** Opening Information given block **

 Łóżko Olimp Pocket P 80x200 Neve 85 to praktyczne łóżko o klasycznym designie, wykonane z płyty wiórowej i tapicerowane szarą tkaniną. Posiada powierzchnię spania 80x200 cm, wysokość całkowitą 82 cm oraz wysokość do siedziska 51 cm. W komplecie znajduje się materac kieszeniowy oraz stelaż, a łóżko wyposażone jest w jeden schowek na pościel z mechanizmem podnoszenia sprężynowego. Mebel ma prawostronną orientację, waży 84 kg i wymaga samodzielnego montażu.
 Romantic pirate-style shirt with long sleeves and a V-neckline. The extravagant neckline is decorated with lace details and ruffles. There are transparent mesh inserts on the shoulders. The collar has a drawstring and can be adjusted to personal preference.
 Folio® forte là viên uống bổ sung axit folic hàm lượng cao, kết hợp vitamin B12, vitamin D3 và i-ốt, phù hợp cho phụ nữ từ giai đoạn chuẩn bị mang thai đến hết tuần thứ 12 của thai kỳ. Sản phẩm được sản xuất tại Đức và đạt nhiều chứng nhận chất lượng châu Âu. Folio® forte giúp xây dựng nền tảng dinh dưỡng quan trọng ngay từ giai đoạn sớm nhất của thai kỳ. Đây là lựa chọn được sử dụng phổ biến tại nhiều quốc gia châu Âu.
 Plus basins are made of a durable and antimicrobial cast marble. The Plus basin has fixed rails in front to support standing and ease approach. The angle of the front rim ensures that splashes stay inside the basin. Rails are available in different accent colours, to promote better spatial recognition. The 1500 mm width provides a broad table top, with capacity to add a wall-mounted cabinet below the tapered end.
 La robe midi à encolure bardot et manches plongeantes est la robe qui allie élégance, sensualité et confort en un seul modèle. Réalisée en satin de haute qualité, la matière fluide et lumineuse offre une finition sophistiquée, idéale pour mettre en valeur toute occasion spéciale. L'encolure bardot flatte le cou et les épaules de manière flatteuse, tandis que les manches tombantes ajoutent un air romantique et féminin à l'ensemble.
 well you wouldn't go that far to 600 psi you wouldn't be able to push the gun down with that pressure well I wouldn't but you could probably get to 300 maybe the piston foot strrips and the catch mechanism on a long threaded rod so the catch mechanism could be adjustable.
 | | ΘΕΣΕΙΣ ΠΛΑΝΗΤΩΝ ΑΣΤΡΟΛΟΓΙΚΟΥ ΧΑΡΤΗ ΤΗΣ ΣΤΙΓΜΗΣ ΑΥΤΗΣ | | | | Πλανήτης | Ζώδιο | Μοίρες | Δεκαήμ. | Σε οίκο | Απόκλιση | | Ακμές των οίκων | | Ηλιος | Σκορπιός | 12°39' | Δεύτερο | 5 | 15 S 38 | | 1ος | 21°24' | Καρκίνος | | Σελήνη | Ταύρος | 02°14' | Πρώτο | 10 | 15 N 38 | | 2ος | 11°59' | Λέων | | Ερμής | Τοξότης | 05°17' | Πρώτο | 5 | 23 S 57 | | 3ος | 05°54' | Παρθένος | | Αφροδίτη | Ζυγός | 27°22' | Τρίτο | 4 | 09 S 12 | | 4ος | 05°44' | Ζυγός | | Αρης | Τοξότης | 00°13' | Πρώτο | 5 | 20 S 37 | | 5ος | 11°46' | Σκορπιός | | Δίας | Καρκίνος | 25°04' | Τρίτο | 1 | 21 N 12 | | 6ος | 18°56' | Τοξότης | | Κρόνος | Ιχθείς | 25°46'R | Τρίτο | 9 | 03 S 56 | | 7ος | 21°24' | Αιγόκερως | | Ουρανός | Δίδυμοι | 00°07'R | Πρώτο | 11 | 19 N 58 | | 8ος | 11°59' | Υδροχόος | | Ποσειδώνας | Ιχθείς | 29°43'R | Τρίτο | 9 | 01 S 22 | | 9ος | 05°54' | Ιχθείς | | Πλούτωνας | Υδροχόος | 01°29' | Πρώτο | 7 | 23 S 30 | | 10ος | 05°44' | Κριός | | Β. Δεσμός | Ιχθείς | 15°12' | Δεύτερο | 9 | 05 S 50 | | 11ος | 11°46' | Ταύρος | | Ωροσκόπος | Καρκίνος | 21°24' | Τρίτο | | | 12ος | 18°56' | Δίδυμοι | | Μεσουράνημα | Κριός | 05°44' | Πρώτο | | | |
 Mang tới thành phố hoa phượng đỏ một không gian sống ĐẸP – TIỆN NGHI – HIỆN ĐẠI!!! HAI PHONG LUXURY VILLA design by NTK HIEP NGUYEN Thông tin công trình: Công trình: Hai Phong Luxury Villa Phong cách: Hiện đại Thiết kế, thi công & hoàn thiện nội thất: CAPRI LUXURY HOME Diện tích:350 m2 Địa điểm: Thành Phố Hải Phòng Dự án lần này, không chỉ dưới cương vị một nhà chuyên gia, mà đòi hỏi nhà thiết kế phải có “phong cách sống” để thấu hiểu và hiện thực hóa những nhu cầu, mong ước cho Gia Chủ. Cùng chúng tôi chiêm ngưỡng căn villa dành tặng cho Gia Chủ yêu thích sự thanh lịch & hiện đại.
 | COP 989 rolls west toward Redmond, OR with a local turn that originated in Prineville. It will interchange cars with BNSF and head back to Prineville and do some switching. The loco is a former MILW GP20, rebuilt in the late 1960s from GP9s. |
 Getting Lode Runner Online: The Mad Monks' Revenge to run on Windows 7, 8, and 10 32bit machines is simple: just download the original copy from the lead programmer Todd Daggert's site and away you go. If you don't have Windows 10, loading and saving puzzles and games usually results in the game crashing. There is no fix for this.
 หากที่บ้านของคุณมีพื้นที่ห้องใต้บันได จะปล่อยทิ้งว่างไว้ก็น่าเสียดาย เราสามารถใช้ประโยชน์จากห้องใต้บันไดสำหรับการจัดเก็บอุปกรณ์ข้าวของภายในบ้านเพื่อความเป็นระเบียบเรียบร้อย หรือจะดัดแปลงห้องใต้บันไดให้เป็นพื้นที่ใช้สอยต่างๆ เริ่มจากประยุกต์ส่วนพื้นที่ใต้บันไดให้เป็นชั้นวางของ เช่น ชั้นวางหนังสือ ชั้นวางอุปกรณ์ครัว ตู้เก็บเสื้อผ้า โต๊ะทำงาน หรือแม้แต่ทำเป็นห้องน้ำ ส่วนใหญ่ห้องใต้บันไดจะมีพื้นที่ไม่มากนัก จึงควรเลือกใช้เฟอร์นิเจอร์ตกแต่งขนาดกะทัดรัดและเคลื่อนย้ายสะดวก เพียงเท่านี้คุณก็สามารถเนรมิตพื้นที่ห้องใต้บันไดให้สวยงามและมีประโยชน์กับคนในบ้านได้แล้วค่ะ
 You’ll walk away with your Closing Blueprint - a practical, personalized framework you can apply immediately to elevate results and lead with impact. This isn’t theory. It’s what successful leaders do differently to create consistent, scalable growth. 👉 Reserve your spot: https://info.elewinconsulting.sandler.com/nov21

** Closing Information given block **

### Exercise objective
Copy each line of the records that has "away" in it.

### Solution to this exercise
 Getting Lode Runner Online: The Mad Monks' Revenge to run on Windows 7, 8, and 10 32bit machines is simple: just download the original copy from the lead programmer Todd Daggert's site and away you go. If you don't have Windows 10, loading and saving puzzles and games usually results in the game crashing. There is no fix for this.
 You’ll walk away with your Closing Blueprint - a practical, personalized framework you can apply immediately to elevate results and lead with impact. This isn’t theory. It’s what successful leaders do differently to create consistent, scalable growth. 👉 Reserve your spot: https://info.elewinconsulting.sandler.com/nov21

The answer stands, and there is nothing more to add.